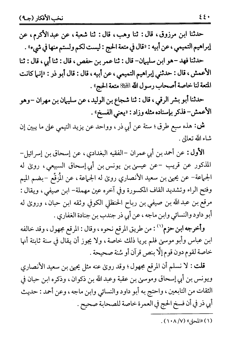 حدثنا فهد -هو ابن سليمان- قال: ثنا عمر بن حفص، قال: ثنا أبي، قال: ثنا الأعمش، قال: حدثني إبراهيم التميمي، عن أبيه، قال: قال أبو ذر: "إنما كانت المتعة لنا خاصة أصحاب رسول الله -عليه السلام- متعة الحج".
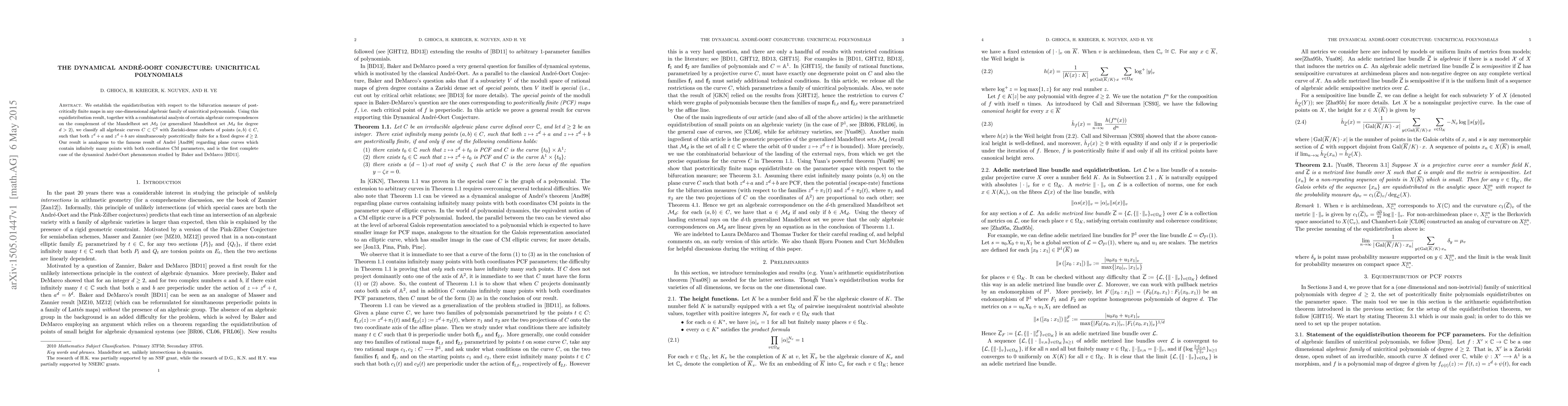 The paper introduces a method to prove equidistribution with respect to the bifurcation measure, combining dynamical systems theory with algebraic geometry.
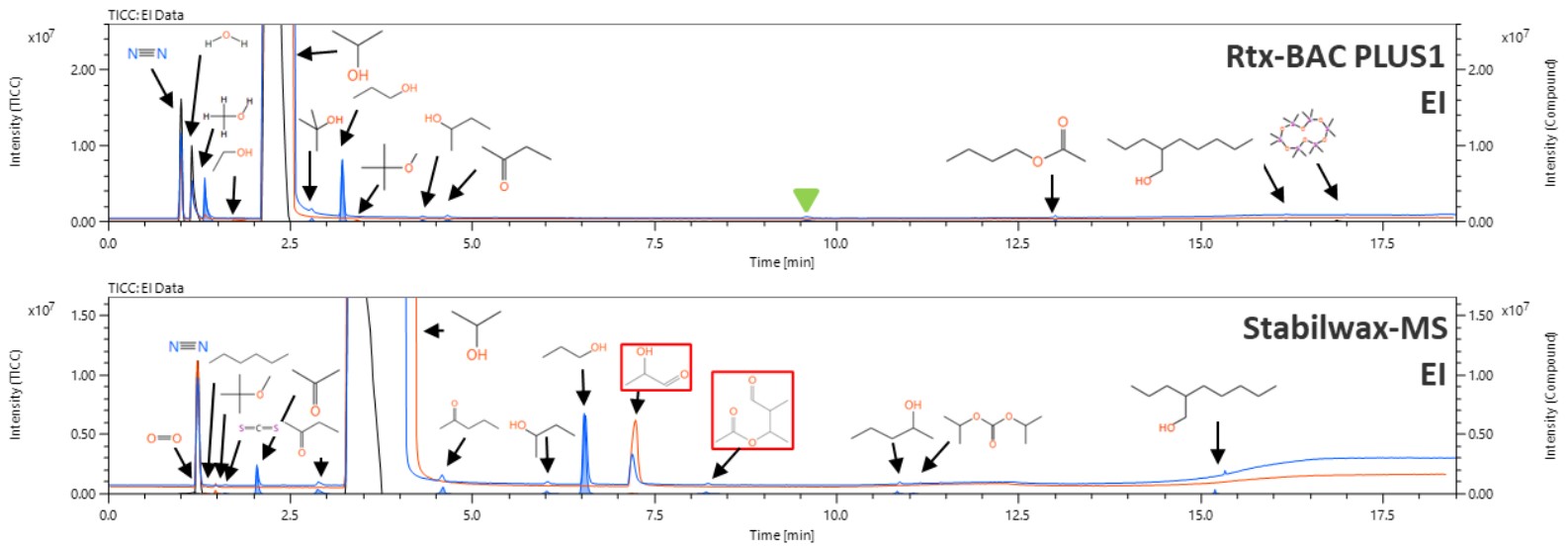 2種類のGCカラムによるイソプロパノール中不純物の定性分析と比較分析
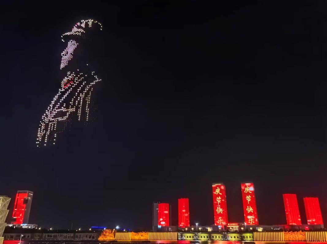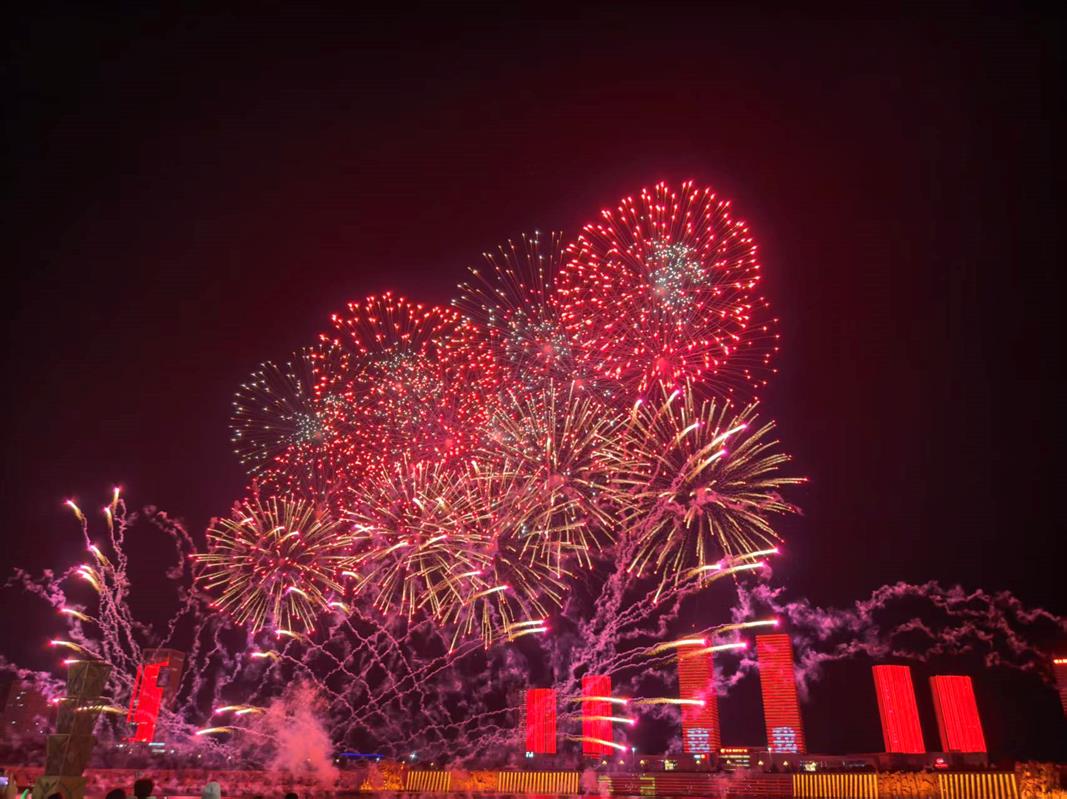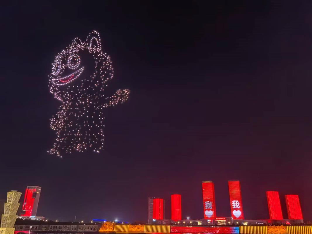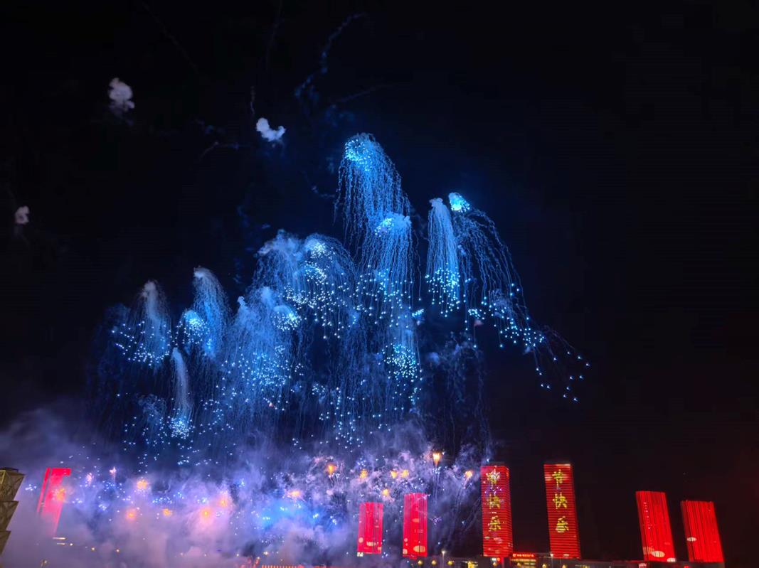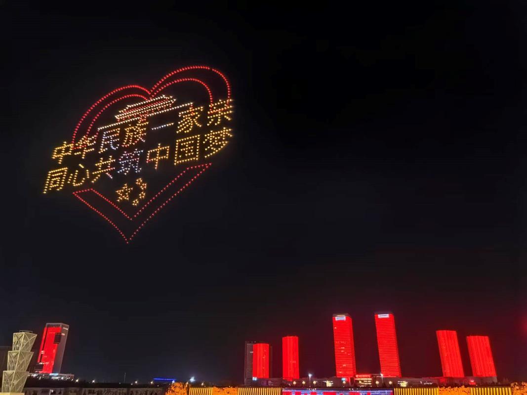 今晚的表演不仅是传统的烟花秀,更是一场融合现代科技的视觉盛宴。1000架无人机在夜空中不断变换队形,与特制烟花共同描绘出“中华民族一家亲 同心共筑中国梦”、五星红旗等图案,引来观众阵阵惊叹。
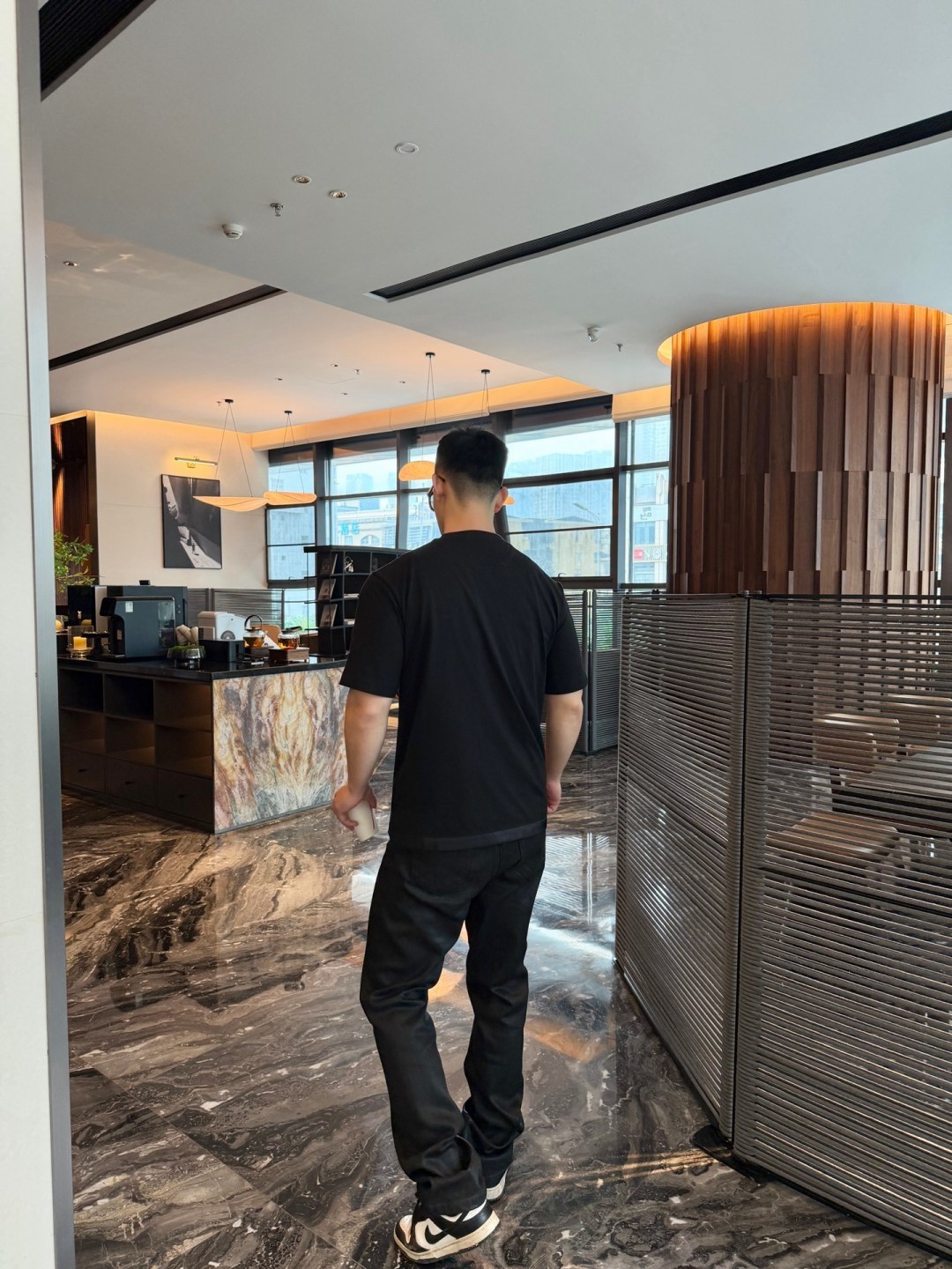 핏: 바디 라인을 깔끔하게 살려주는 합신 핏으로 단정하면서도 세련된 인상을 연출함.
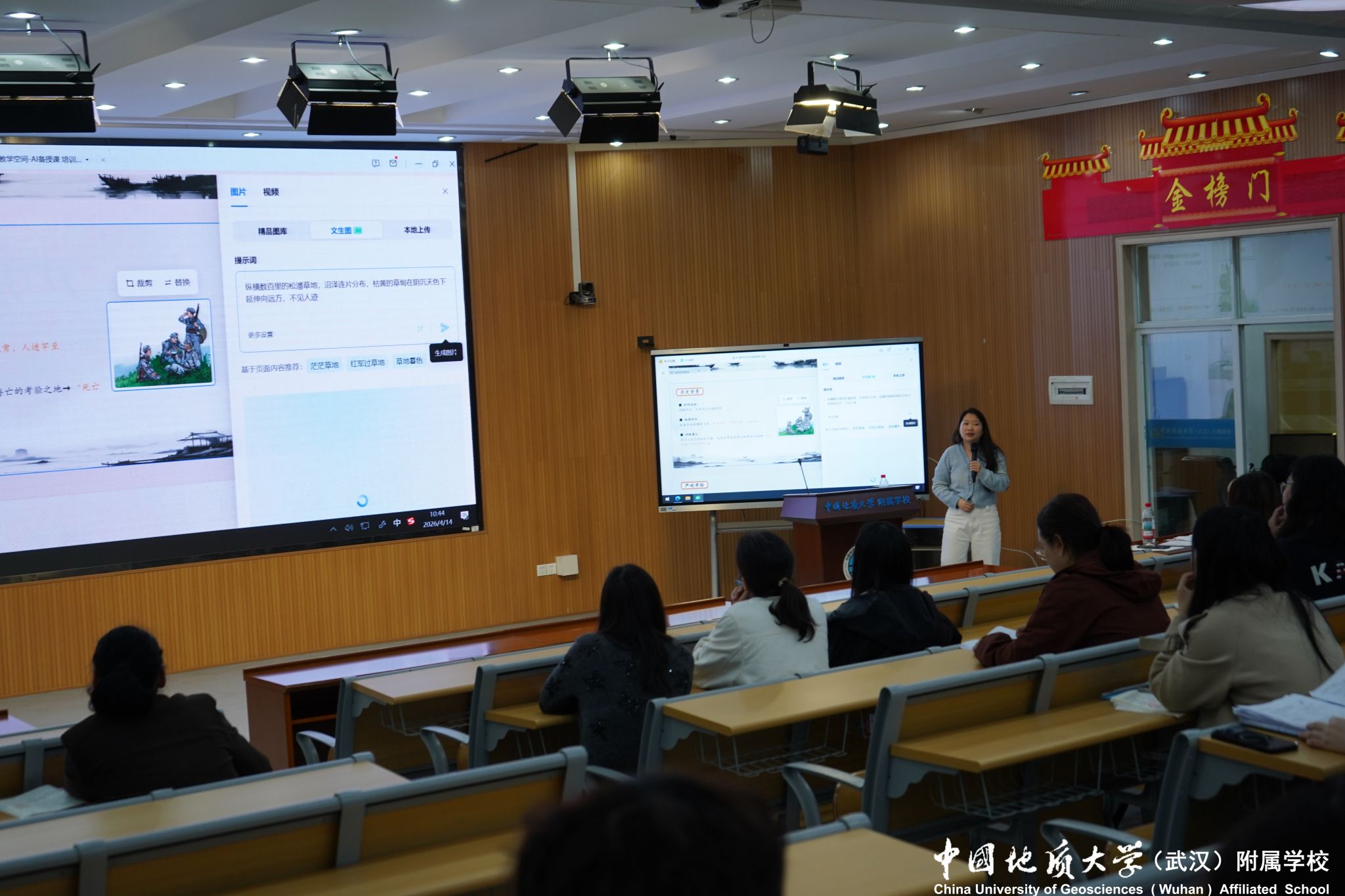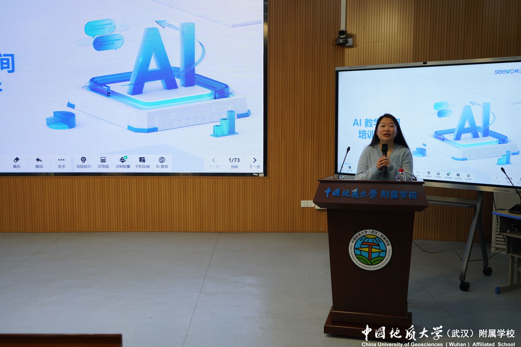 (通讯员:周丹)为加快教育数字化转型,推动人工智能与教育教学深度融合,4月14日上午,中国地质大学(武汉)附属学校开展《AI赋能教学——希沃AI教学空间》专题培训,全体教师参加。本次培训特邀希沃公司讲师孙思思主讲,由学校信息中心主任潘明望主持。
━━━━━━━━
**Exercise**
The line with "핏: 바디 라인을 깔끔하게" marks the start, and the last line of the material marks the end. Reproduce exactly those two lines and every line between them, without the pictures.

**Answer space**
 핏: 바디 라인을 깔끔하게 살려주는 합신 핏으로 단정하면서도 세련된 인상을 연출함.
 (通讯员:周丹)为加快教育数字化转型,推动人工智能与教育教学深度融合,4月14日上午,中国地质大学(武汉)附属学校开展《AI赋能教学——希沃AI教学空间》专题培训,全体教师参加。本次培训特邀希沃公司讲师孙思思主讲,由学校信息中心主任潘明望主持。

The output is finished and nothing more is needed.